Nous publions ici une réponse du camarade Fredo Corvo suite à notre présentation dans le numéro 13 de cette revue, en octobre 2019, de son introduction sur les Principes fondamentaux de la production et distribution communistes du GIC « hollandais » des années 1930. Depuis, une nouvelle traduction anglaise de ce texte a été publiée sous forme de livre et est donc disponible sur internet. L’exposition franche et directe de la divergence ne peut qu’aider les jeunes générations à se réapproprier les leçons et les débats de la Gauche communiste à propos de la période de transition entre capitalisme et communisme.

Capitalisme d’État : erreur historique ou moyen pour la dictature prolétarienne ? Première réponse au GIGC sur les « Principes fondamentaux » du GIC

Reprint et nouvelle traduction des Principes fondamentaux de la production et distribution communistes.

Chers camarades du Groupe international de la Gauche communiste,

Je vous remercie d’avoir publié la plus grande partie de mon article dans Révolution ou guerre #13 (octobre 2019), Le GIC et l’économie de la période de transition, une introduction en anglais mais aussi en espagnol et français [1]. Dans vos notes introductives, vous reconnaissez la discussion sur l’État de la période de transition entre la Gauche communiste hollandaise et italienne et vous excluez de tout débat sérieux, comme je l’ai fait moi-même, les « communisateurs ». En même temps, ces notes expriment certaines de vos positions qui ne peuvent rester sans réponse.

Vous excluez « du champ communiste toute mesure de capitalisme d’État » pour la période présente. Mais, dans la même phrase, vous écrivez que « de telles mesures capitalistes ont pu être des nécessités pour la dictature de classe en Russie ». Je n’ai aucune intention de refaire l’histoire et je ne peux qu’être d’accord sur le fait que Lénine et la majorité du parti bolchévique pensaient que les mesures de capitalisme d’État étaient nécessaires. Mais l’étaient-elles ? Pour le devenir d’un futur communiste, il est important de savoir avec certitude, sans « peut-être », si les mesures de capitalisme d’État étaient une possibilité. Une possibilité que vous ne laissez même pas ouverte dans vos notes d’introduction tout comme dans votre tract récent sur les manifestations « sauver la planète » [2]. Pour savoir avec certitude, nous avons l’expérience en Russie qui montre que la « dictature de classe » que vous présentez à juste titre comme la question principale, était absente dans les années 1920. L’élimination du contrôle des usines par les ouvriers, en accord total avec la position communiste d’État de Lénine en 1917, avait déjà préparé la contre-révolution en remplaçant la dictature du prolétariat (par le biais des conseils, organisation des masses) par celle du parti (une minorité).
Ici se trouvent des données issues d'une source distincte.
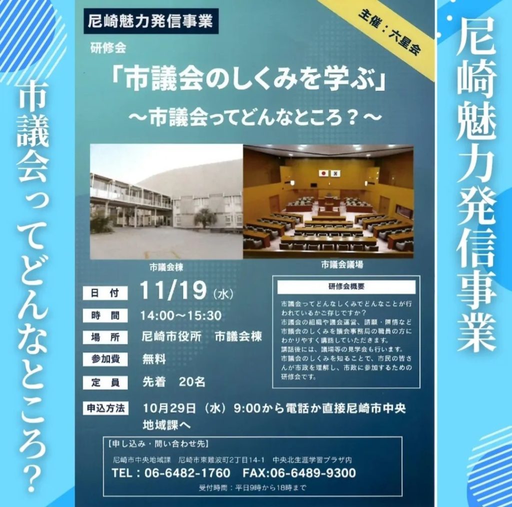 2025年11月19日 / 最終更新日時 : 2025年11月19日 林ひさひろ ブログ 六星会・研修会 尼崎市役所・議会棟で『六星会』の研修会『市議会のしくみを学ぶ 〜市議会ってどんなところ?〜』が開催されました。六星会は、尼崎市にある6つの地区会が連携してつくる市民団体で、地域の声を市政に届ける“市民の代表チーム”として活動しています。今回の研修会では、市議会の役割や議員の仕事について、わかりやすく学んでいただきました。市議会をもっと身近に感じていただく、たいへん有意義な時間となりました。 六星会 尼崎市 林ひさひろ 林久博 尼崎市役所 FacebookXBlueskyCopy

Bien sûr, c’est une leçon qui ne pouvait être tirée qu’après que le changement contre-révolutionnaire du pouvoir ait eu lieu. Mais cette leçon est toujours aujourd’hui rejetée par beaucoup en jouant sur les mots « économique » et « politique », comme vous le faîtes vous-mêmes souvent. Les « bordiguistes » en particulier défendent la substitution du pouvoir des masses prolétariennes par le parti comme un moyen de « tenir » jusqu’à ce que la révolution mondiale ait lieu et sauve le « bastion prolétarien ». La question n’est pas si Lénine, en contradiction avec son État et la révolution, savait dans les années 1920 que le capitalisme d’État n’était pas socialiste mais plutôt si c’était, comme vous le défendez, « un moyen de combattre la petite production » ou un moyen pour maintenir… le parti au pouvoir comme Lénine le déclara ouvertement.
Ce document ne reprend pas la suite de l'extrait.